Never thought I’d ever describe Bo Burnham as insufferable. Not necessarily because this is bad, but because it’s actually extremely difficult to watch. I’m the type of person who doesn’t like when art is too personal. Maybe I didn’t receive enough hugs as a child, but I can’t stand to watch people undressing themselves in front of me. It’s the same reason that I don’t like Synechdoche, New York. The same reason I can’t listen to Olivia Rodrigo spill her feelings all over the microphone. The same reason why I can't read some of my friends' Letterboxd reviews. Probably the same reason that I completely freeze up and stand in place when someone near me starts crying. Something about the way I’m wired just makes these things extremely off-putting and not in a good way.

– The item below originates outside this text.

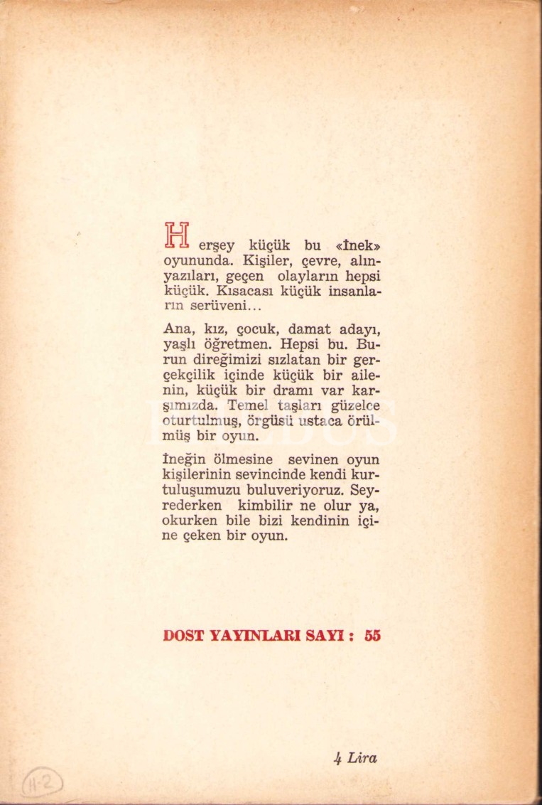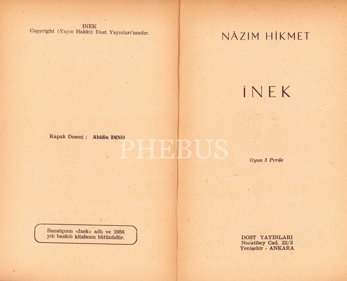 Nâzım Hikmet'in "İnek -Oyun-" Dost Yayınları 1965, 94 sayfa, 14x20 cm

And Bo Burnham’s Inside is probably the most egregious example of this I’ve ever seen. It’s obvious that he poured his soul into this thing, but he certainly didn’t use a measuring cup. This is more of a documentary of the toll that lockdown took on him than a comedy special. Bo has always been transparent about the suffering that goes into making his art, but this actually morphs into suffering AS art.

Suffering as content. I can’t imagine recording yourself having mental breakdowns and then cutting it up in Premiere Pro. He continually tortures himself under the guise of self-deprecation. He simultaneously embodies the roles of "a character in an Aronofsky movie", "the audience of an Aronofsky movie", and of Aronofsky himself. It’s unbearable. It doesn’t feel like content to be consumed or a comedy special to be laughed at. It feels like watching a guy keep himself busy out of necessity.

When he isn’t making jokes at his own expense, his material is painfully millennial. He pens songs about sexting, emojis, and white women pumpkin spice latte stereotypes. He cracks jokes about hating zoomers. He talks a lot about being self-aware and how so many of his jokes are hypocritical, yet also mentions how being self-aware doesn’t excuse anything that anyone does. It's rote. None of this is particularly funny, and even if it was, it’d be overshadowed by everything I already mentioned.

In my eyes, this really should’ve never been made.